Study highlights airline accessibility taking off, steep climb remains

Topics:

  • Airline Accessibility

Location:

  • United Kingdom
  • United States
  • Spain
  • Scandinavia

Driving the news:

The UK Civil Aviation Authority’s (CAA) Airline Accessibility Framework aims to improve accessibility to airline websites, apps, and tickets for people with disabilities. The CAA recently commissioned a study based on user feedback and technical audits that exposed accessibility barriers among 11 top airlines. The findings suggest that consumer ratings and WCAG success criteria may be correlated. This research also reminds all industries that well-executed accessibility initiatives result in smoother transactions and stronger brand loyalty.

Airline accessibility challenges persist:

Notably, the study shows that the most popular websites have similar accessibility challenges despite compliance with WCAG 2.0. For instance, users commonly cited poor keyboard navigation support, the improper labeling of buttons and hyperlinks, and the lack of assistance during flight booking. Top-tier airlines like British Airways, Emirates, EasyJet, Aer Lingus, KLM, and Virgin Atlantic had consistently positive user feedback. In contrast, Logan Air, Wizz Air, Jet2, Ryanair, and TUI all had low consumer ratings. 

Spanish airline Vueling fined for website violations:

Spanish airline Vueling is paying the price for failing to make its website and online services accessible. Authorities this year upheld their fine of €90,000 and prohibited the carrier from receiving official aid from the Secretary of State for Social Rights for 6 months. The magistrates of the Eighth Section court dismissed the airline’s 2020 appeal, which alleged its conduct wasn’t contrary to its accessibility obligations. According to the court, the airline only met 4 of the 38 accessibility requirements, leading to maximum sanctions.

Scandinavian Airline System (SAS) rectifies a previous violation:

The U.S. Department of Transportation (DOT) fined SAS $200,000 in 2017 for violating its website accessibility requirements. SAS developed a separate site for people with disabilities instead of making its main website compliant with Web Content Accessibility Guidelines (WCAG) 2.0 Level AA standard, as required by the Air Carrier Access Act. In response, SAS eliminated the separate website for people with disabilities and made its primary website accessible. Moreover, the DOT now has a website for Aviation Consumer Protection with information that helps travelers understand their rights and a dedicated site for filing consumer complaints

The future – things may be looking up: 

The industry is showing signs of getting on board with digital accessibility. The International Air Transport Association (IATA) issued a 2023 Global Passenger Survey that found roughly 20% of travelers need better accessibility for booking and reservations. IATA has issued guidance materials to ensure airline websites provide easy access to essential information. 

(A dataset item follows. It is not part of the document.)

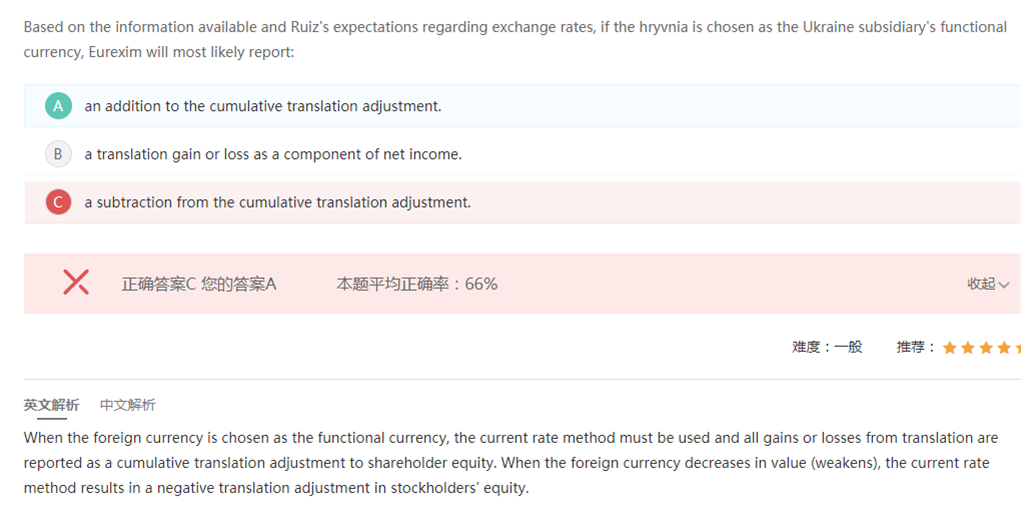 已回答老师 你好,习题6解析里面为什么说外币汇率下降时会调减NI呢?这里面比如拿UAH作为功能币种,UAH贬值下降,采用current method. history rate >current rate:感觉tempo method下的利率会比较小一点,current method 相比较而言不是应该调增吗? 我的思路哪里有问题?

Resulting improvements include the development of simplified gateways to dedicated accessibility areas, clarification of assistance eligibility, and accommodating early assistance requests during booking. Moreover, with prominent airlines embracing accessibility and the increasing regulatory pressure, it stands a better chance of being the accepted worldwide standard. 

The UK CAA report and IATA survey emphasize the need for more detailed research and action on the customer journey beyond mere WCAG compliance. These lessons are global, providing a blueprint for widespread adoption.